### PROBLEM
Copy all the data exactly, except the pictures.

(Items listed in a dataset)
########################################
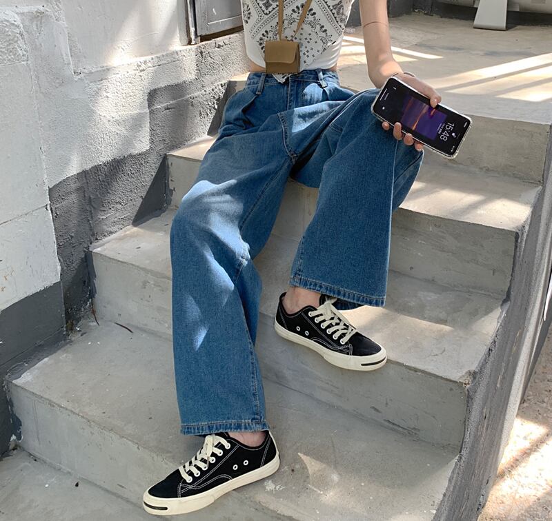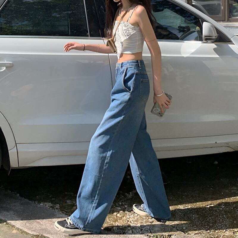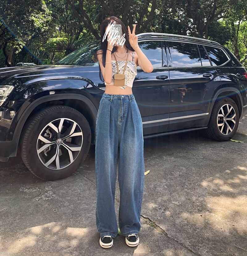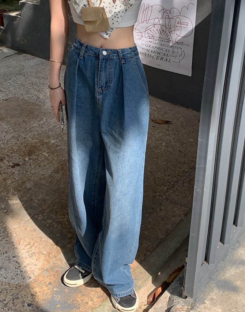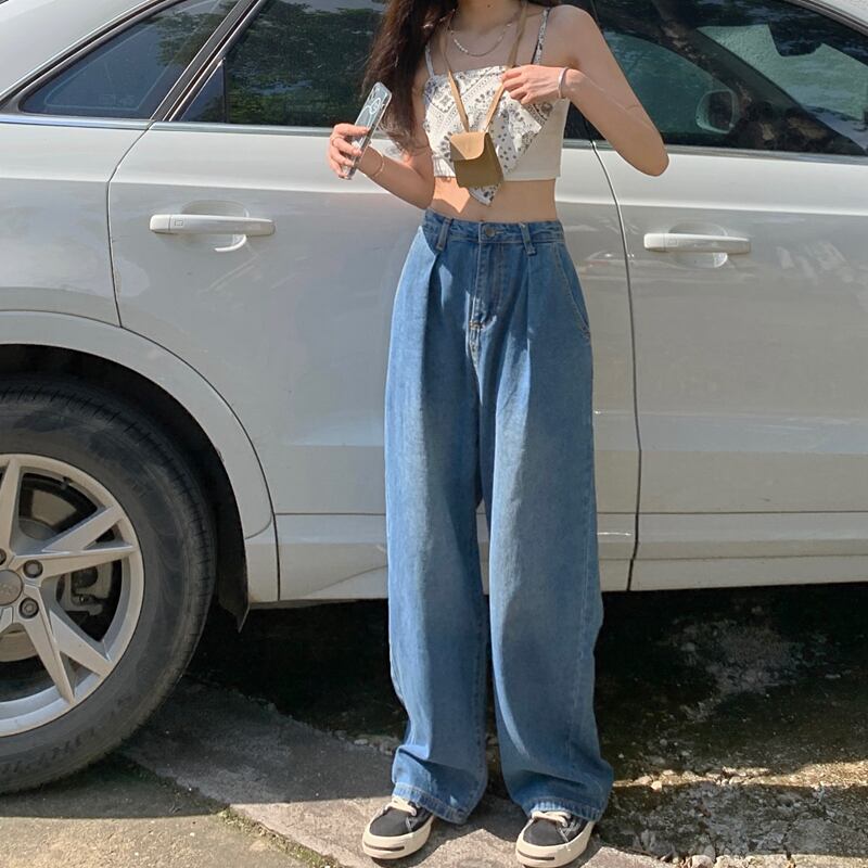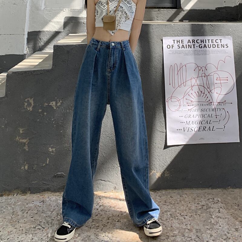 スタンダードハイウェストウェストブルーパンツ スプリングオータム薄手ルーズ レトロ 春物 秋物 モンロー50168973525
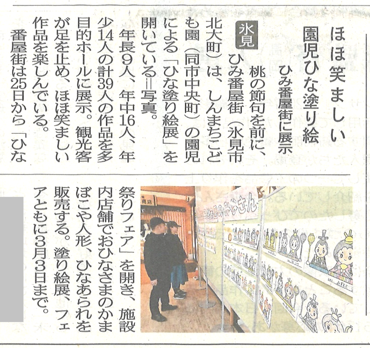 ひな祭りフェア🎎 2026/02/25 UP <ひな祭りフェア> 2/25(水)~3/3(火) 「あかりをつけましょ ぼんぼりに…♪」 各店舗では、桃の節句を祝う、季節限定の❝ひなまつり商品❞が盛りだくさん! また、【西の番屋】多目的ホールでは、〖氷見市しんまちこども園 ひなぬりえ展〗、年長(ぞう組)9名・年中(らいおん組🦁)16名・年少(ぱんだ組)14名、計39名の園児の皆さんの力作を発表✨ 本日の朝刊にもご掲載いただきました。 ぜひ、たくさんのお客様のご来店、お待ち申し上げます。
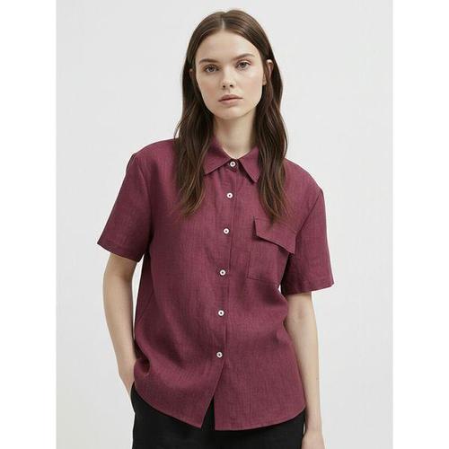 [샵앤]여성 카라넥 쿨링 린넨 반팔 루즈핏 블라우스 셔츠 NARU-WBL-21084-레드
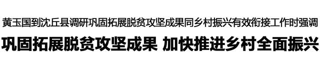 本报讯 (记者 王艳 王晨) 11月18日,市委书记黄玉国到沈丘县调研巩固拓展脱贫攻坚成果同乡村振兴有效衔接工作,强调要深入学习贯彻党的二十届四中全会精神和习近平总书记在河南考察时重要讲话精神,全面落实省委和市委部署要求,扛牢责任、真抓实干,毫不松懈巩固拓展脱贫攻坚成果,加快推进乡村全面振兴,牢牢守住不发生规模性返贫致贫底线。
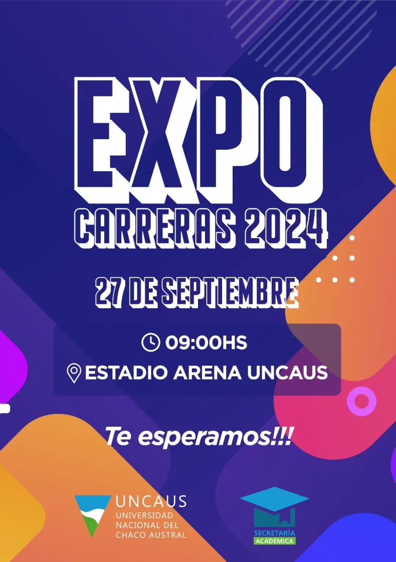La Universidad Nacional del Chaco Austral realizará una nueva expo carreras, para dar a conocer más de 20 carreras que se dictan con modalidad presencial y a distancia. Esta jornada se realizará el día viernes 27 de septiembre, a partir de las de 9 horas, en el estadio Arena UNCAUS.
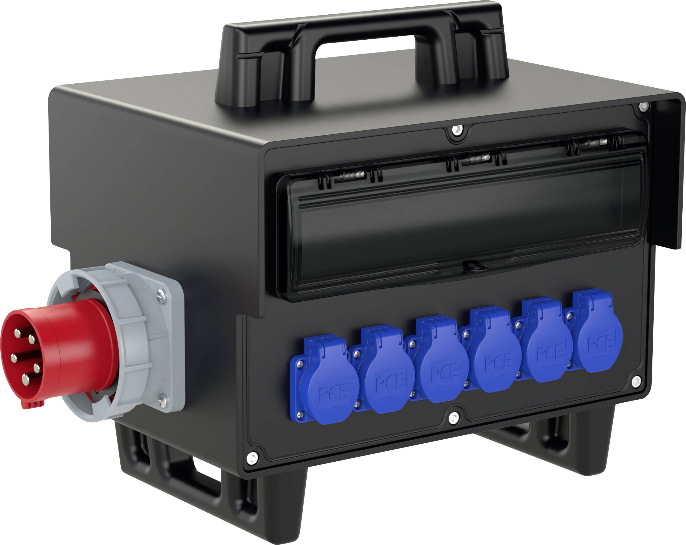 Mobilverteiler Vollgummi Baureihe SCHREMS BV 2x32/5 4x16/5 6xSSD GS63/5 Ea IP54, mit 1x Tragegriff oben und 2 x Stellfüße unten (stapelbar).
########################################
### THE ANSWER
 スタンダードハイウェストウェストブルーパンツ スプリングオータム薄手ルーズ レトロ 春物 秋物 モンロー50168973525
 ひな祭りフェア🎎 2026/02/25 UP <ひな祭りフェア> 2/25(水)~3/3(火) 「あかりをつけましょ ぼんぼりに…♪」 各店舗では、桃の節句を祝う、季節限定の❝ひなまつり商品❞が盛りだくさん! また、【西の番屋】多目的ホールでは、〖氷見市しんまちこども園 ひなぬりえ展〗、年長(ぞう組)9名・年中(らいおん組🦁)16名・年少(ぱんだ組)14名、計39名の園児の皆さんの力作を発表✨ 本日の朝刊にもご掲載いただきました。 ぜひ、たくさんのお客様のご来店、お待ち申し上げます。
 [샵앤]여성 카라넥 쿨링 린넨 반팔 루즈핏 블라우스 셔츠 NARU-WBL-21084-레드
 本报讯 (记者 王艳 王晨) 11月18日,市委书记黄玉国到沈丘县调研巩固拓展脱贫攻坚成果同乡村振兴有效衔接工作,强调要深入学习贯彻党的二十届四中全会精神和习近平总书记在河南考察时重要讲话精神,全面落实省委和市委部署要求,扛牢责任、真抓实干,毫不松懈巩固拓展脱贫攻坚成果,加快推进乡村全面振兴,牢牢守住不发生规模性返贫致贫底线。
La Universidad Nacional del Chaco Austral realizará una nueva expo carreras, para dar a conocer más de 20 carreras que se dictan con modalidad presencial y a distancia. Esta jornada se realizará el día viernes 27 de septiembre, a partir de las de 9 horas, en el estadio Arena UNCAUS.
 Mobilverteiler Vollgummi Baureihe SCHREMS BV 2x32/5 4x16/5 6xSSD GS63/5 Ea IP54, mit 1x Tragegriff oben und 2 x Stellfüße unten (stapelbar).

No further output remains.